Aim of the task:
I'd like the listing below copied exactly, with the images left out.

Supplied records:
--

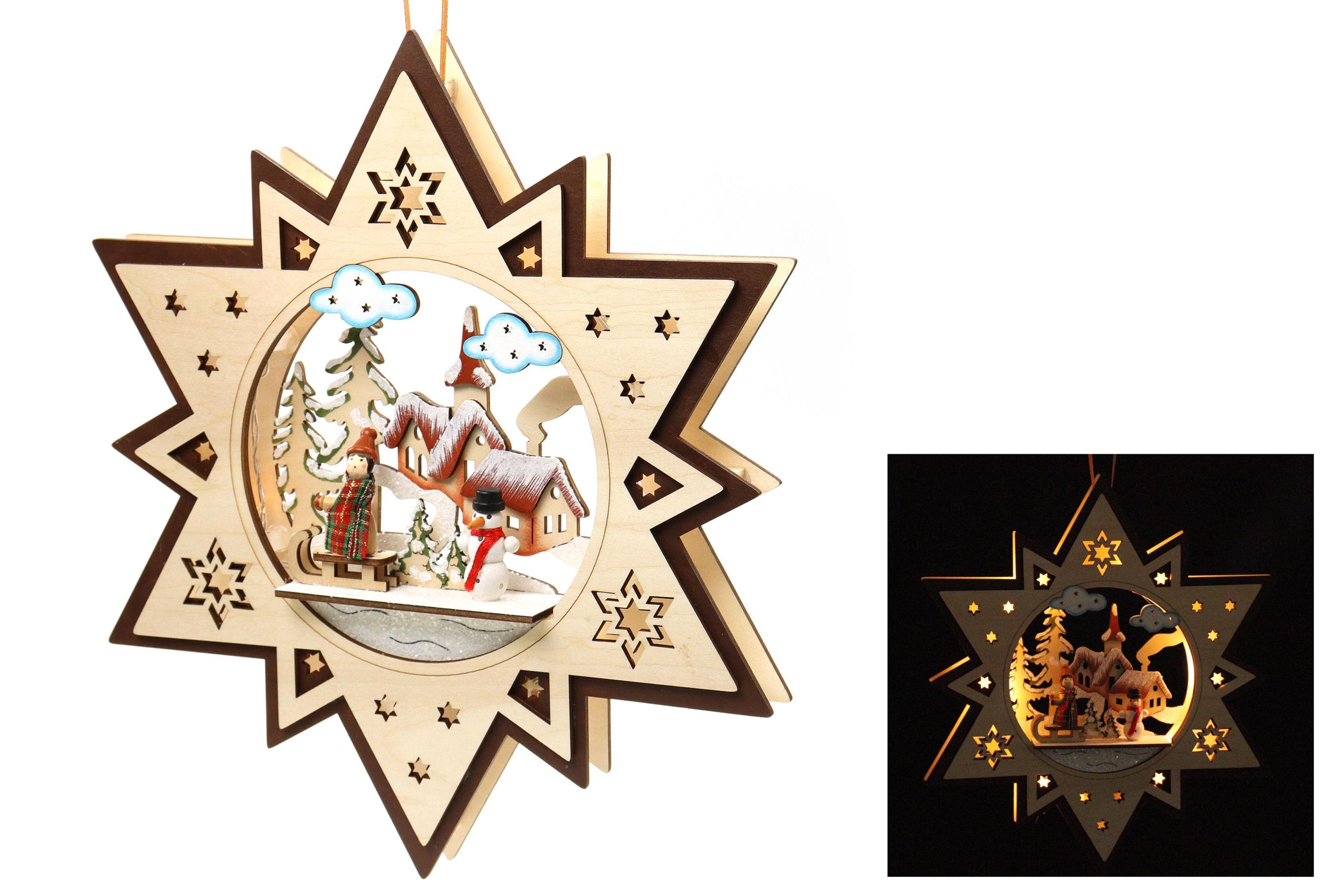 Produktinformationen "0030070 Holzschnitt Hänger Stern mit Licht, Glitzer, beidseitig, 26*3,5*30cm"
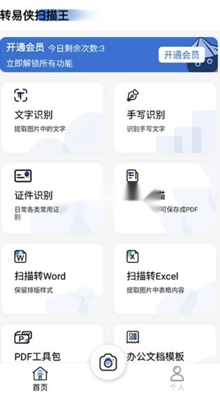 1、在本站安装好转易侠扫描王后,可以看到利用拥有文字识别、手写识别、证件识别、文稿扫描等功能。
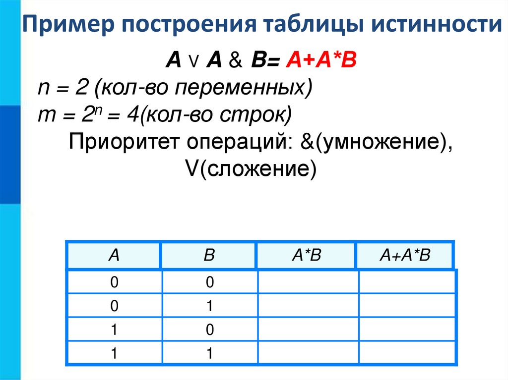Пример построения таблицы истинностиА V A & B= А+А*В
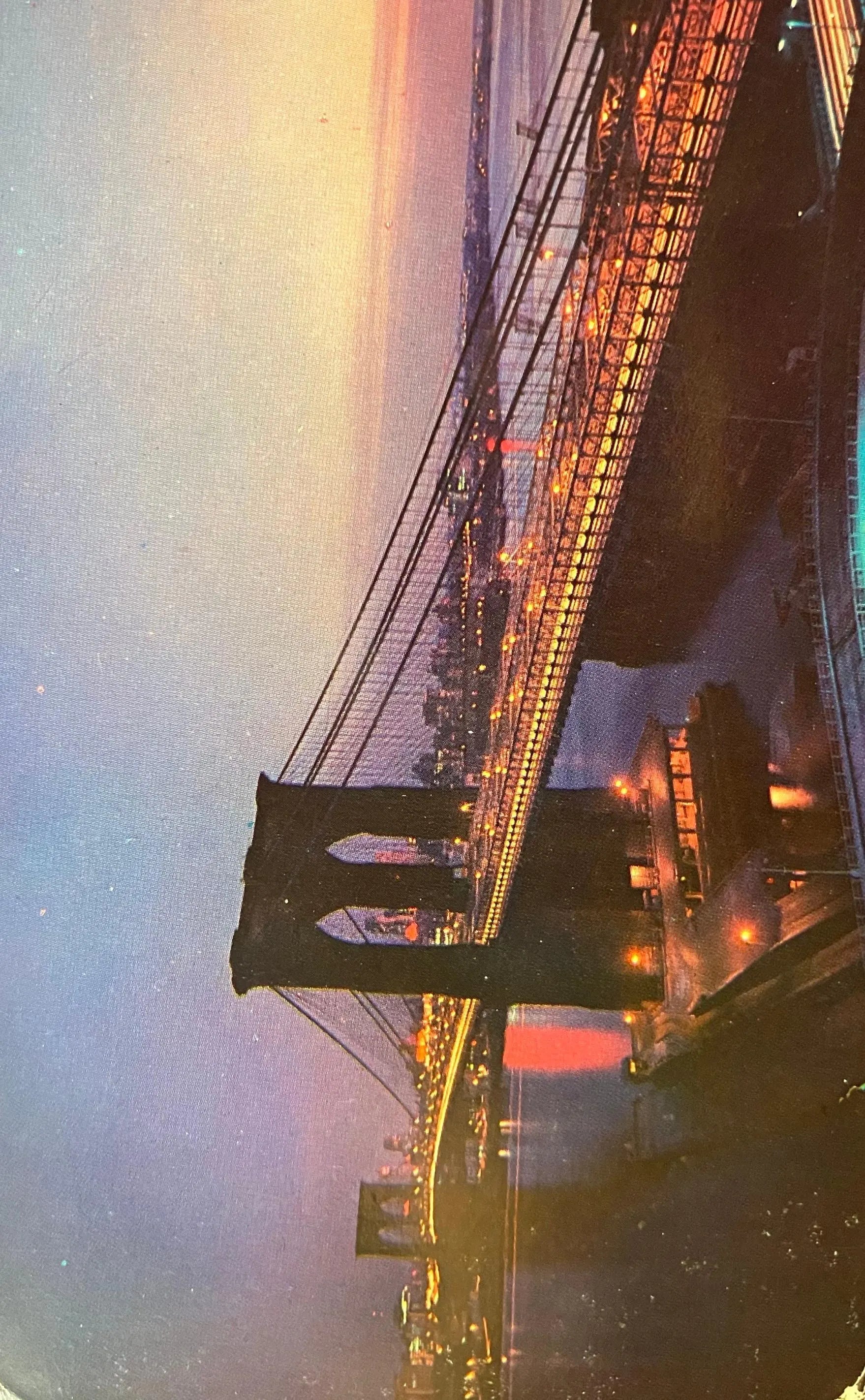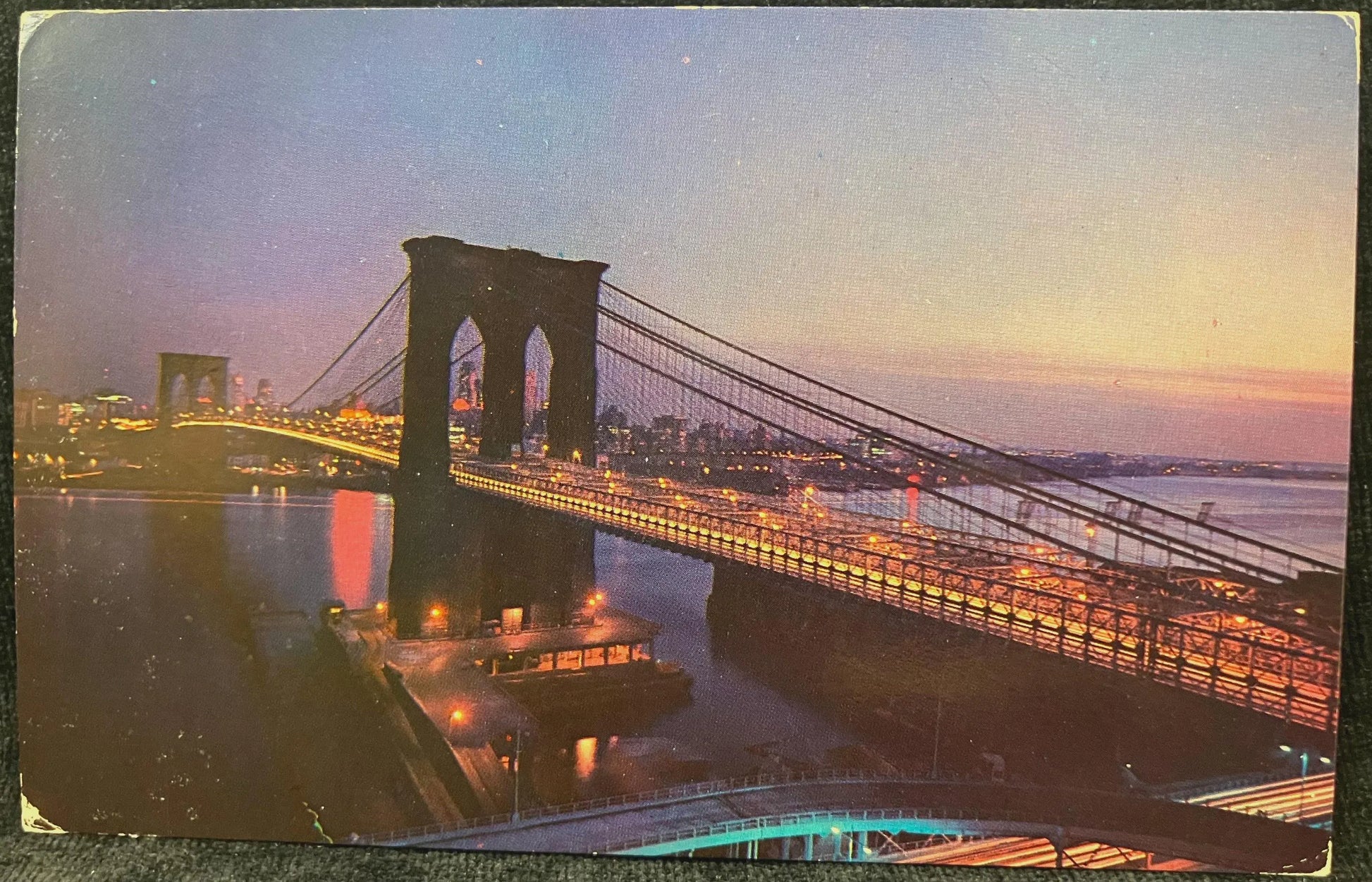 Brooklyn Bridge at Night - New York - Vintage 1970s NYC Postcard
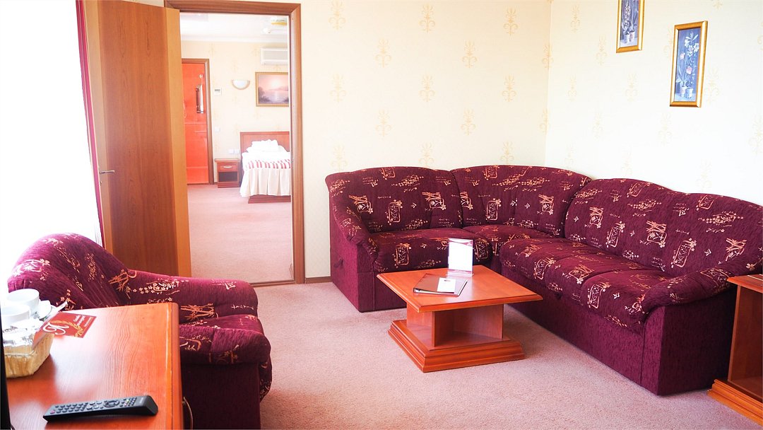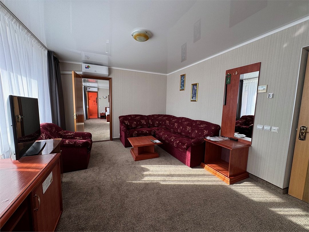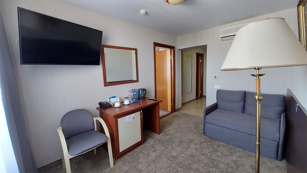 Площадь номера 33 м2. Размещение в номере - до 4 человек . Две большие лоджии Гостиная: шкаф, чемоданница, зеркало, плазменный телевизор, мягкая мебель, журнальный столик, сейф, кондиционер, телефон. Спальня: двуспальная кровать (160*200), прикроватные тумбочки, журнальный столик, плазменный телевизор, кондиционер, телефон, бесплатный Wi-Fi. Ванная комната: туалетные принадлежности, весы, комплект полотенец, полотенцесушитель, бритвенный набор, фен, халат, тапочки.Услуги и удобства
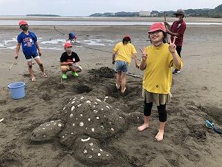 午後の活動は、砂の造形です。はだしで駆け回りながら作りました。
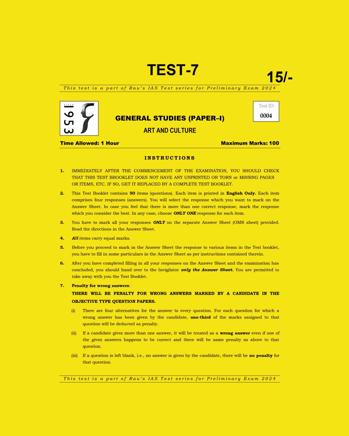 RAU’S IAS 2024 TEST-07 (ART AND CULTURE) ENGLISH MEDIUM (BLACK & WHITE)
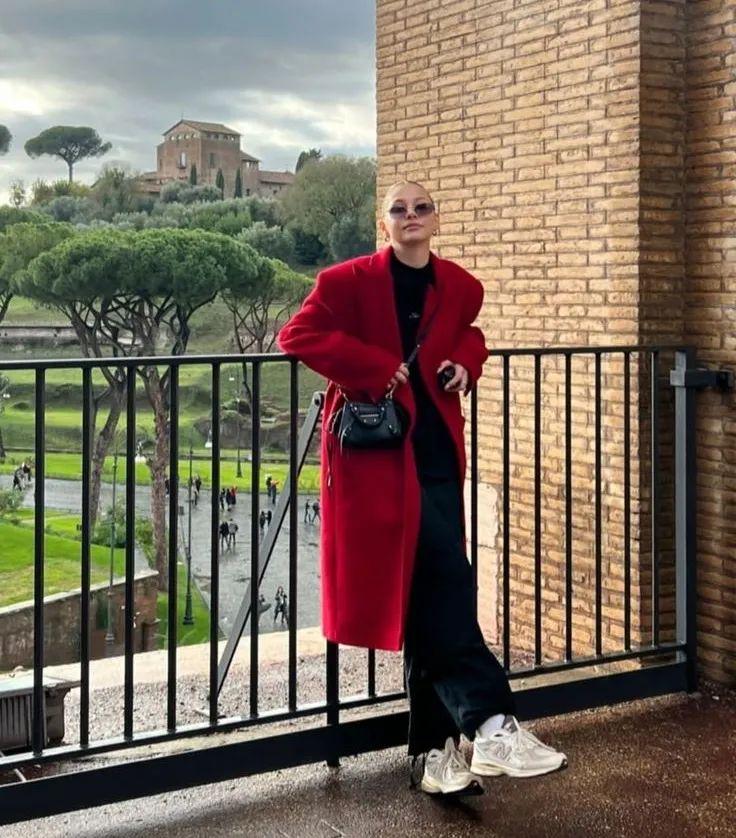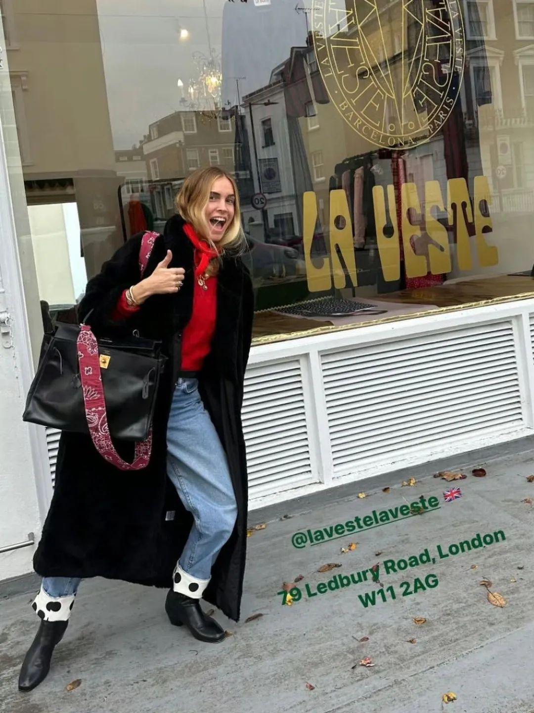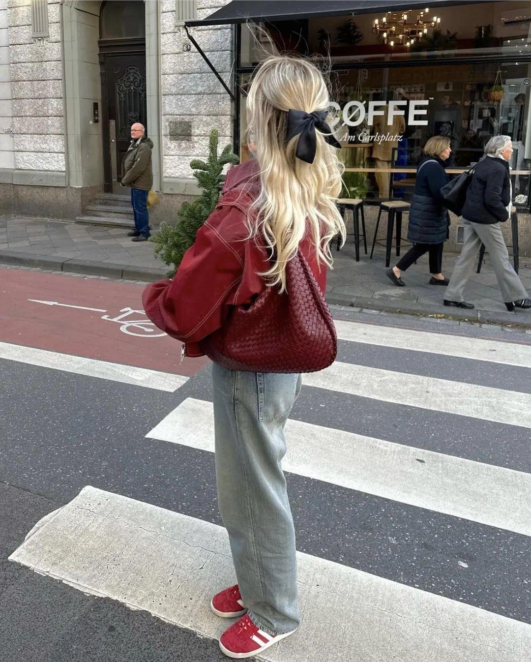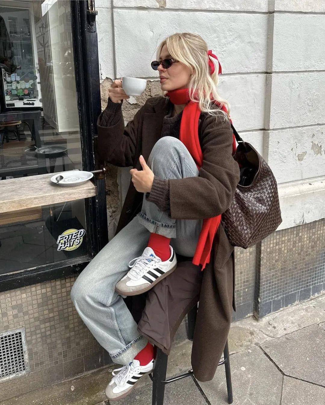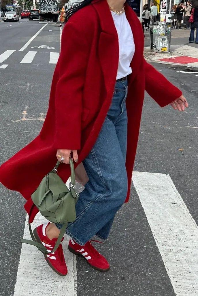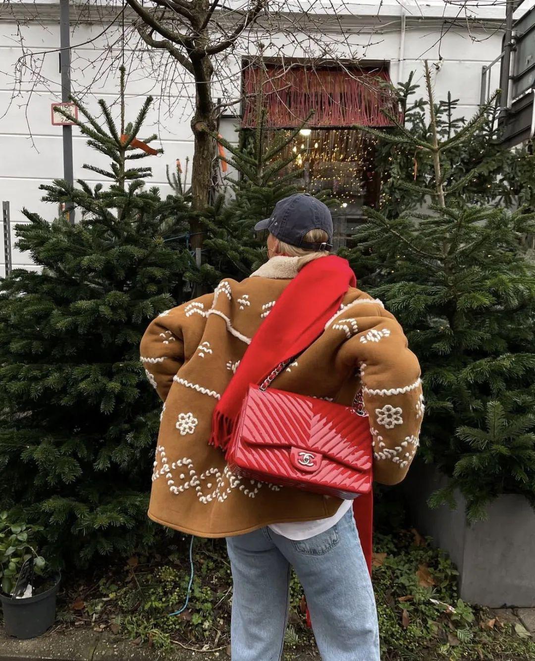 当然也可以把这个思路,换成包包和鞋子的红色组合,且格外适合棕色系或者驼色系的大衣,有温度的复古时髦感,就是冬季最好的点缀。
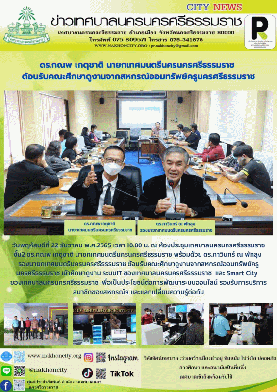 วันพฤหัสบดีที่ 22 ธันวาคม พ.ศ.2565 เวลา 10.00 น. ณ ห้องประชุมเทศบาลนครนครศรีธรรมราช ชั้น2 ดร.กณพ เกตุชาติ นายกเทศมนตรีนครนครศรีธรรมราช พร้อมด้วย ดร.ภาวินทร์ ณ พัทลุง รองนายกเทศมนตรีนครนครศรีธรรมราช ต้อนรับคณะศึกษาดูงานจากสหกรณ์ออมทรัพย์ครูนครศรีธรรมราช เข้าศึกษาดูงาน ระบบIT ของเทศบาลนครนครศรีธรรมราช และ Smart City ของเทศบาลนครนครศรีธรรมราช เพื่อเป็นประโยชน์ต่อการพัฒนาระบบออนไลน์ รองรับการบริการสมาชิกของสหกรณ์ฯ และแลกเปลี่ยนความรู้ต่อกัน ................. ภาพ//ข่าว//จันทร์จิรา ตรวจทาน//ฐิตินันท์ |
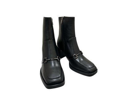 Černé kožené kotníkové boty s kovovou přezkou s písmenem “M"
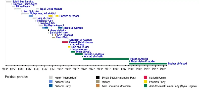 Bashar al-AssadAbdul Halim KhaddamHafez al-AssadAhmad al-KhatibNureddin al-AtassiAmin al-HafizLu'ay al-AtassiNazim al-KudsiIzzat al-NussGamal Abdel NasserMaamun al-KuzbariFawzi SeluAdib ShishakliSami al-HinnawiHusni al-Za'imShukri al-QuwatliAta Bey al-AyyubiJamil al-UlshiKhalid al-AzmBahij al-KhatibHashim al-AtassiMuhammad Ali al-AbidLéon SolomiacTaj al-Din al-HasaniAhmad NamiFrançois Pierre-AlypeSubhi Bey Barakat
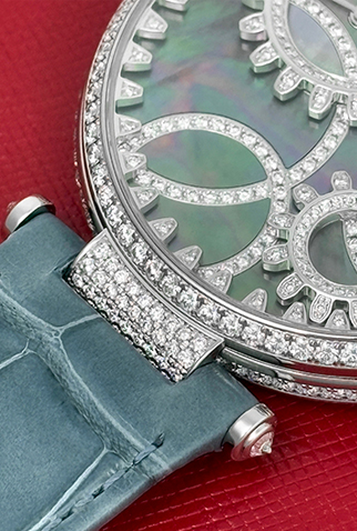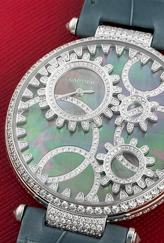 Dial: Tahitian Mother of pearl dial with Diamond gears

--

Solution to this exercise:
 Produktinformationen "0030070 Holzschnitt Hänger Stern mit Licht, Glitzer, beidseitig, 26*3,5*30cm"
 1、在本站安装好转易侠扫描王后,可以看到利用拥有文字识别、手写识别、证件识别、文稿扫描等功能。
Пример построения таблицы истинностиА V A & B= А+А*В
 Brooklyn Bridge at Night - New York - Vintage 1970s NYC Postcard
 Площадь номера 33 м2. Размещение в номере - до 4 человек . Две большие лоджии Гостиная: шкаф, чемоданница, зеркало, плазменный телевизор, мягкая мебель, журнальный столик, сейф, кондиционер, телефон. Спальня: двуспальная кровать (160*200), прикроватные тумбочки, журнальный столик, плазменный телевизор, кондиционер, телефон, бесплатный Wi-Fi. Ванная комната: туалетные принадлежности, весы, комплект полотенец, полотенцесушитель, бритвенный набор, фен, халат, тапочки.Услуги и удобства
 午後の活動は、砂の造形です。はだしで駆け回りながら作りました。
 RAU’S IAS 2024 TEST-07 (ART AND CULTURE) ENGLISH MEDIUM (BLACK & WHITE)
 当然也可以把这个思路,换成包包和鞋子的红色组合,且格外适合棕色系或者驼色系的大衣,有温度的复古时髦感,就是冬季最好的点缀。
 วันพฤหัสบดีที่ 22 ธันวาคม พ.ศ.2565 เวลา 10.00 น. ณ ห้องประชุมเทศบาลนครนครศรีธรรมราช ชั้น2 ดร.กณพ เกตุชาติ นายกเทศมนตรีนครนครศรีธรรมราช พร้อมด้วย ดร.ภาวินทร์ ณ พัทลุง รองนายกเทศมนตรีนครนครศรีธรรมราช ต้อนรับคณะศึกษาดูงานจากสหกรณ์ออมทรัพย์ครูนครศรีธรรมราช เข้าศึกษาดูงาน ระบบIT ของเทศบาลนครนครศรีธรรมราช และ Smart City ของเทศบาลนครนครศรีธรรมราช เพื่อเป็นประโยชน์ต่อการพัฒนาระบบออนไลน์ รองรับการบริการสมาชิกของสหกรณ์ฯ และแลกเปลี่ยนความรู้ต่อกัน ................. ภาพ//ข่าว//จันทร์จิรา ตรวจทาน//ฐิตินันท์ |
 Černé kožené kotníkové boty s kovovou přezkou s písmenem “M"
 Bashar al-AssadAbdul Halim KhaddamHafez al-AssadAhmad al-KhatibNureddin al-AtassiAmin al-HafizLu'ay al-AtassiNazim al-KudsiIzzat al-NussGamal Abdel NasserMaamun al-KuzbariFawzi SeluAdib ShishakliSami al-HinnawiHusni al-Za'imShukri al-QuwatliAta Bey al-AyyubiJamil al-UlshiKhalid al-AzmBahij al-KhatibHashim al-AtassiMuhammad Ali al-AbidLéon SolomiacTaj al-Din al-HasaniAhmad NamiFrançois Pierre-AlypeSubhi Bey Barakat
 Dial: Tahitian Mother of pearl dial with Diamond gears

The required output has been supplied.